Gautier's thorough, well-documented work will clearly benefit the ongoing and future research on D. suzuki, and Drosophila genomics in general. The author and reviewers rightfully note that, like any reference-based approach, this method is heavily dependent on the availability and quality of reference genomes - Drosophila being a favorable case. Building the reference database is a key step, and the interpretation of the output can only be made in the light of its content and gaps, as illustrated by Gautier's careful and detailed discussion of his numerous results.
This pioneering study is a striking demonstration of the potential of metagenomic methods for the decontamination of high-throughput sequence data at the read level. The pipeline requires remarkably few computing resources, ensuring low carbon emission. I am looking forward to seeing it applied to a wide range of taxa and samples.
 Gautier Mathieu. Efficient k-mer based curation of raw sequence data: application in Drosophila suzukii. bioRxiv, 2023.04.18.537389, ver. 2, peer-reviewed and recommended by Peer Community in Genomics. https://doi.org/10.1101/2023.04.18.537389
The recommender in charge of the evaluation of the article and the reviewers declared that they have no conflict of interest (as defined in the code of conduct of PCI) with the authors or with the content of the article. The authors declared that they comply with the PCI rule of having no financial conflicts of interest in relation to the content of the article.
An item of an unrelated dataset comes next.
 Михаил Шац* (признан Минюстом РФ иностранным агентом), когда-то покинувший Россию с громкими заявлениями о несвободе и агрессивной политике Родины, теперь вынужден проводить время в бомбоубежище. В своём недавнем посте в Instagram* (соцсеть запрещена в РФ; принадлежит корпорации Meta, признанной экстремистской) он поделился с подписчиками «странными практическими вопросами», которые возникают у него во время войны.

The authors declare that they have received no specific funding for this study
Evaluation round #1
DOI or URL of the preprint: https://doi.org/10.1101/2023.04.18.537389
Version of the preprint: 1
Author's Reply, 19 Jul 2023
Decision by Nicolas Galtier, posted 22 Jun 2023, validated 23 Jun 2023
This study introduces a novel approach for assessing and treating the problems of contamination and mislabeling in high-throughput genomic data. The idea is to recycle methods developed for species identification based on metagenomic data. The manuscript was reviewed by two colleagues, both of which are very positive - and so am I. A number of relevant suggestions were made, which I think should help improve the manuscript.
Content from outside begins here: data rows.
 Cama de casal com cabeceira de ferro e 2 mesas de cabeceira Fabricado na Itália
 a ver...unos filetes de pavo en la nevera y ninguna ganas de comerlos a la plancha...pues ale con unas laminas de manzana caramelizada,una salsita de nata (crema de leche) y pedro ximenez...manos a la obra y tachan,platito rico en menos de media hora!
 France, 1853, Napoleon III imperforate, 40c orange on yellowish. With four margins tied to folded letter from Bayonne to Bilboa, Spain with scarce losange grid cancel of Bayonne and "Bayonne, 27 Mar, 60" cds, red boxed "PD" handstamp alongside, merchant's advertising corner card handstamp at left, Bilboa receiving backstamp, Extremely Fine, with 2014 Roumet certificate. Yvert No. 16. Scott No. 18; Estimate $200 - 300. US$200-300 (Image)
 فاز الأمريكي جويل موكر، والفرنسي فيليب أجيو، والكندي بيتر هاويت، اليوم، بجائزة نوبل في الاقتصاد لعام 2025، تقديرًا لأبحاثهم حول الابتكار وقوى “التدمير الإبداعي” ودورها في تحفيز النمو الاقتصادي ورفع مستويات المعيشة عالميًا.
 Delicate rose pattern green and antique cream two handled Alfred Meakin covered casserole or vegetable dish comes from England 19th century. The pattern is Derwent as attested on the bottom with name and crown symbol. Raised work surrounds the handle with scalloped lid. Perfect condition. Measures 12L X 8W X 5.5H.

I have an aditional comment, also briefly mentioned by one reviewer. Besides contamination, there might be biological reasons why a given sample contains sequence reads assigned to a different species, namely hybridization and gene flow. How is the newly introduced method expected to behave when reproductive isolation between the analyzed species is incomplete? In particular, is there a risk that the method partially erases the signal of gene flow, if actually present? I think these questions could deserve a specific discussion as gene flow is quite common in nature and the focus of many population genomic studies.
I would be happy to consider a revised version of the manuscript for possible recommendation.